30-70 parts of polyester resin, 1-30 parts of amino resin, 10-40 parts of solvent, 4-20 parts of flatting agent and 10-40 parts of other components;

the flatting agent comprises 2-8 parts of extender pigment, 2-8 parts of organic microspheres and 0-4 parts of wax substances; wherein the extender pigment comprises 2-4 parts of silicon dioxide matting powder;

the acid value of the polyester resin is 0-10mg KOH/g, the hydroxyl value is 60-75mg KOH/g, the solid content is 45-75 wt%, and the molecular weight is 2000-7000;

the particle size of the silicon dioxide matting powder is less than or equal to 15 mu m, the porosity is 0.1-2.2ml/g, and the surface of the silicon dioxide matting powder is modified by a treating agent; the treating agent comprises one or more of silane coupling agent, organic silicon mercaptan, high molecular polyethylene wax and tetrafluoroethylene;

the particle size of the organic microspheres is less than or equal to 15 mu m, and the true density is 1.3-1.8g/cm³(ii) a The weight ratio of the polymethyl (meth) acrylate microspheres, the poly (meth) urea-formaldehyde resin and the polystyrene microspheres in the organic microspheres is 1-3: 1-3: 0-1.

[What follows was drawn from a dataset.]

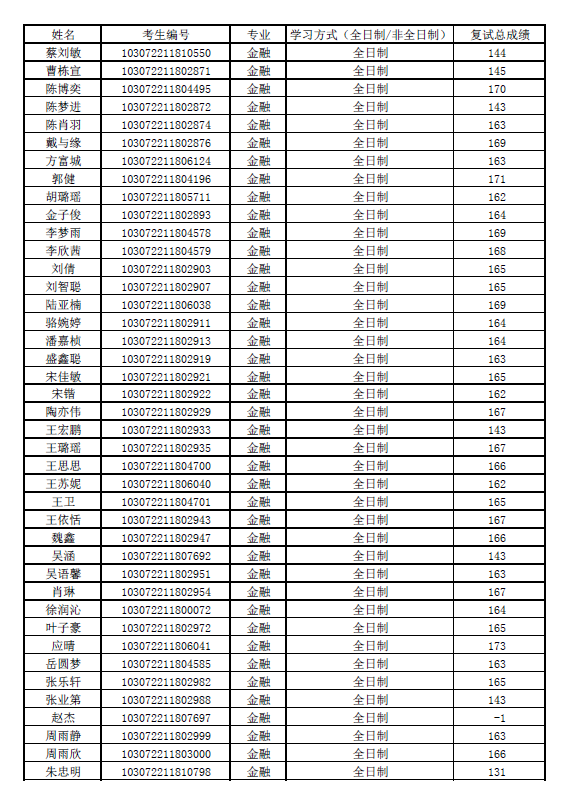 金融学硕士复试成绩

2. The matte finish composition according to claim 1, wherein the treating agent is a high molecular polyethylene wax or a silane coupling agent.

3. The matte finish composition according to claim 1, wherein the extender pigment further comprises at least one of diatomaceous earth, kaolin, aluminum hydroxide, montmorillonite, calcium carbonate, asbestos powder, mica powder; the wax is selected from palm wax, beeswax, lanolin, ceresin, and synthetic wax.

4. The matte finish composition according to claim 1, wherein the amino resin is selected from at least one of melamine formaldehyde resin, methylated urea formaldehyde resin, methylated melamine resin, butylated urea formaldehyde resin, butylated melamine resin, and benzoguanamine formaldehyde resin.

5. The matte finish composition according to claim 1, wherein the amino resin is selected from methylated melamine resin and/or butylated melamine resin.

6. The matte finish composition according to claim 1, wherein the solvent is at least one selected from cyclohexanone, propylene glycol methyl ether acetate, xylene, butyl acetate, S-100 solvent oil, trimethylbenzene solvent oil, and 2-butanone.

7. The matte finish composition according to claim 1, wherein the other components comprise pigments, acid catalysts, adhesion promoters, leveling agents, defoamers, and catalysts.

8. Use of a matte finish composition according to any of claims 1 to 7 for the production of coatings.